* [Given material]
════════

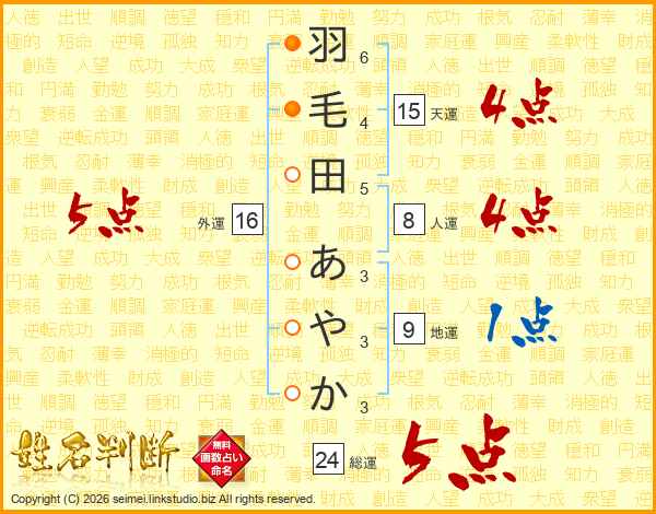羽毛田あやかさんの外運は16画の5点!
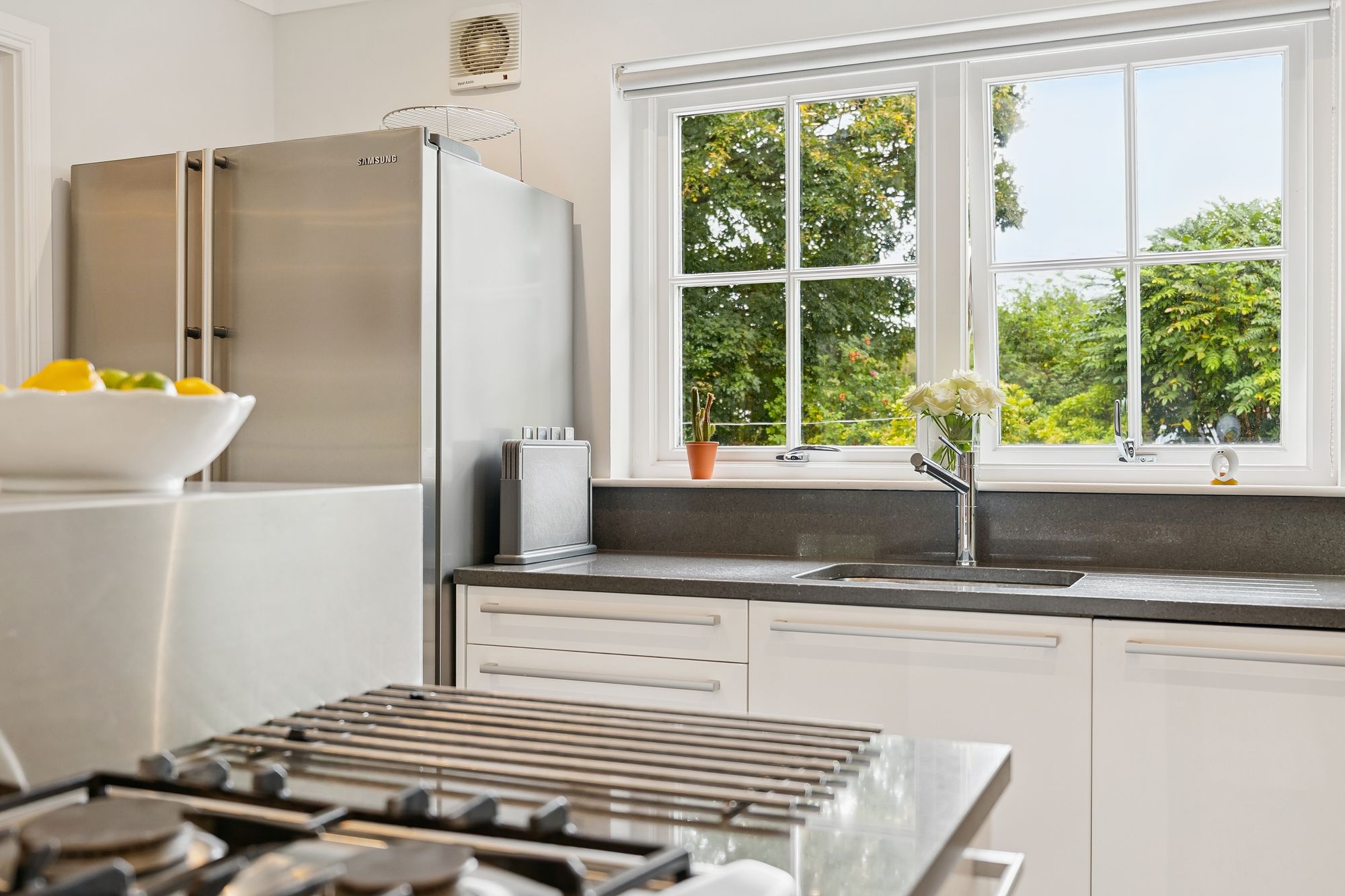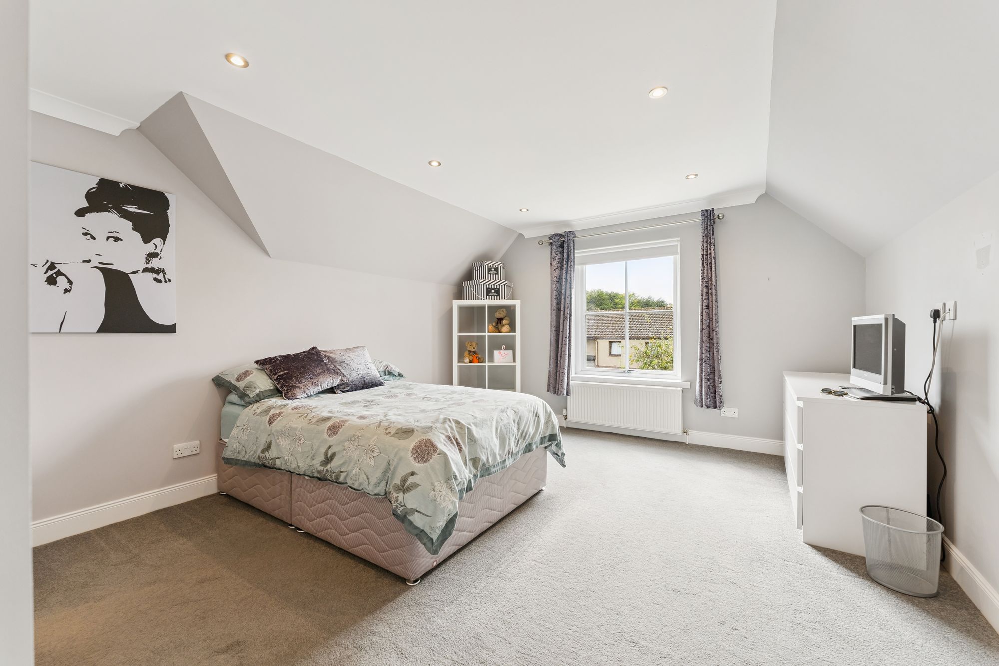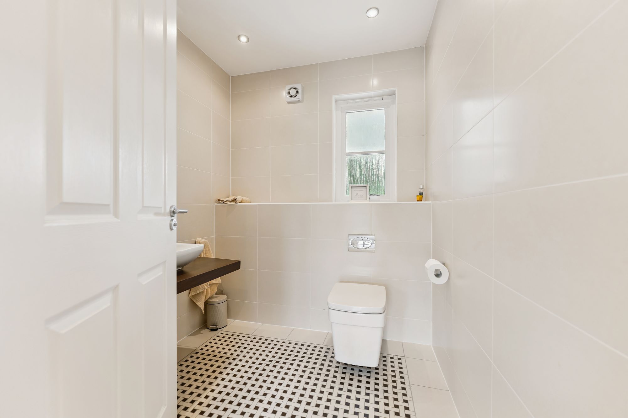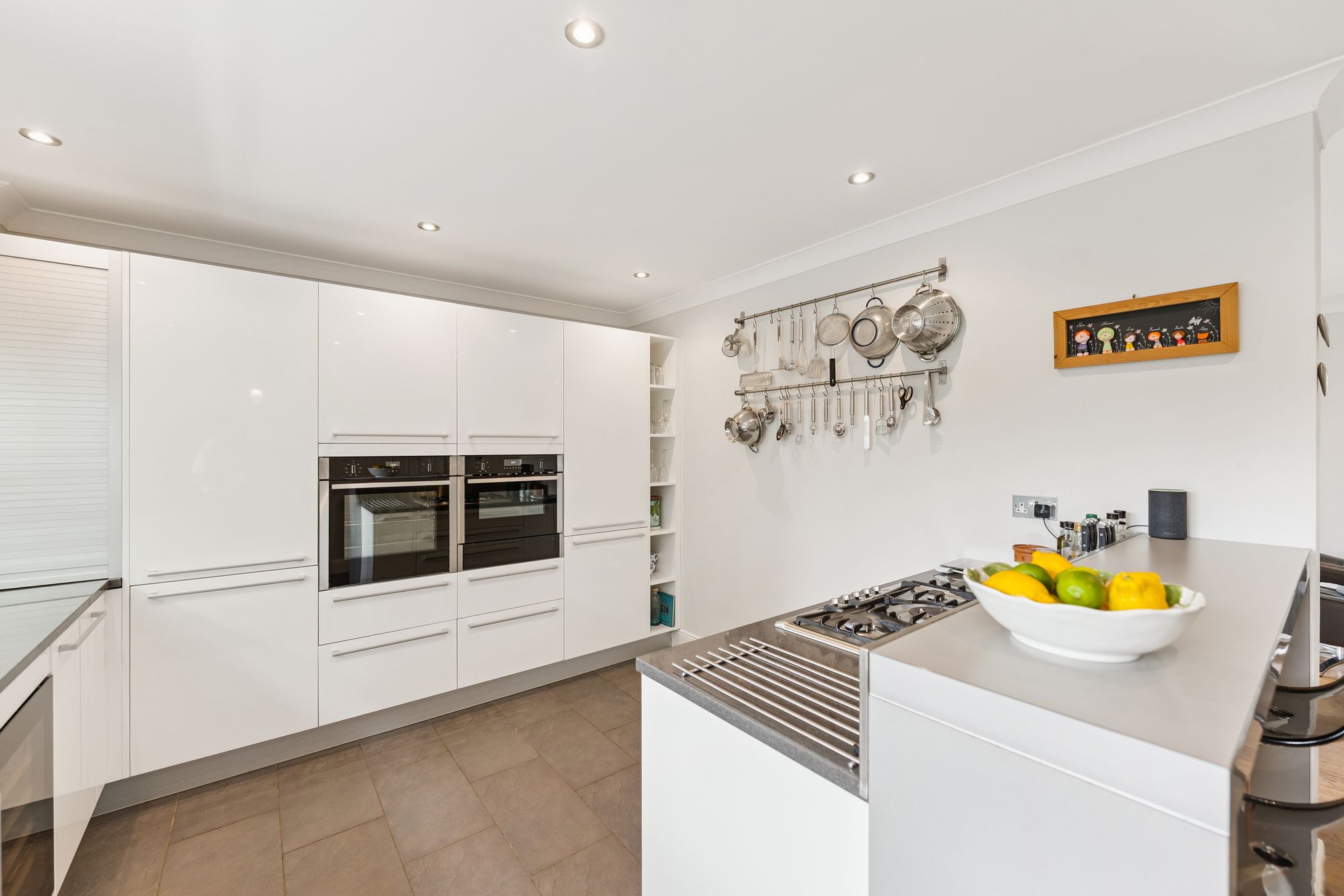 The ground floor also features a spacious home office, complete with built-in storage, which offers the flexibility to be used as a fifth bedroom if desired. The fully tiled downstairs WC adds practicality, while the heart of the home lies in the expansive open-plan family room and kitchen. This light-filled space boasts multiple aspect windows and French doors that open directly onto the impressive rear gardens, ideal for indoor-outdoor living. The well-appointed kitchen also benefits from an adjoining laundry room, offering convenient everyday functionality.
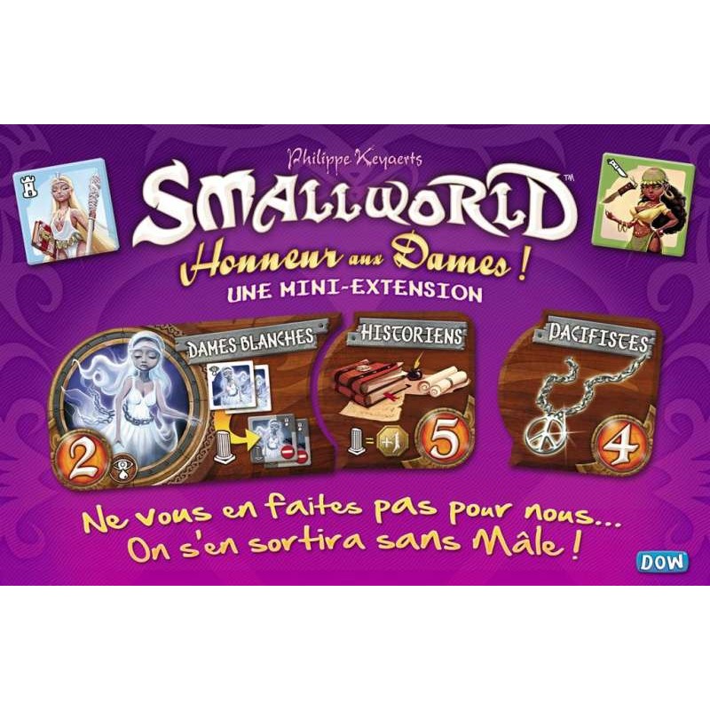 Smallworld – Honneur aux Dames est une mini extension pour le jeu de conquêtes Smallworld. Découvrez trois puissants peuples exclusivement féminins : les Gitanes, les Prêtresses et les Dames Blanches, ainsi que deux pouvoirs inédits !

════════

Print only the lines from the one with "The ground floor" through the last line of the data above, exactly and with both ends, and please omit any pictures.

* [Solution to this task]
 The ground floor also features a spacious home office, complete with built-in storage, which offers the flexibility to be used as a fifth bedroom if desired. The fully tiled downstairs WC adds practicality, while the heart of the home lies in the expansive open-plan family room and kitchen. This light-filled space boasts multiple aspect windows and French doors that open directly onto the impressive rear gardens, ideal for indoor-outdoor living. The well-appointed kitchen also benefits from an adjoining laundry room, offering convenient everyday functionality.
 Smallworld – Honneur aux Dames est une mini extension pour le jeu de conquêtes Smallworld. Découvrez trois puissants peuples exclusivement féminins : les Gitanes, les Prêtresses et les Dames Blanches, ainsi que deux pouvoirs inédits !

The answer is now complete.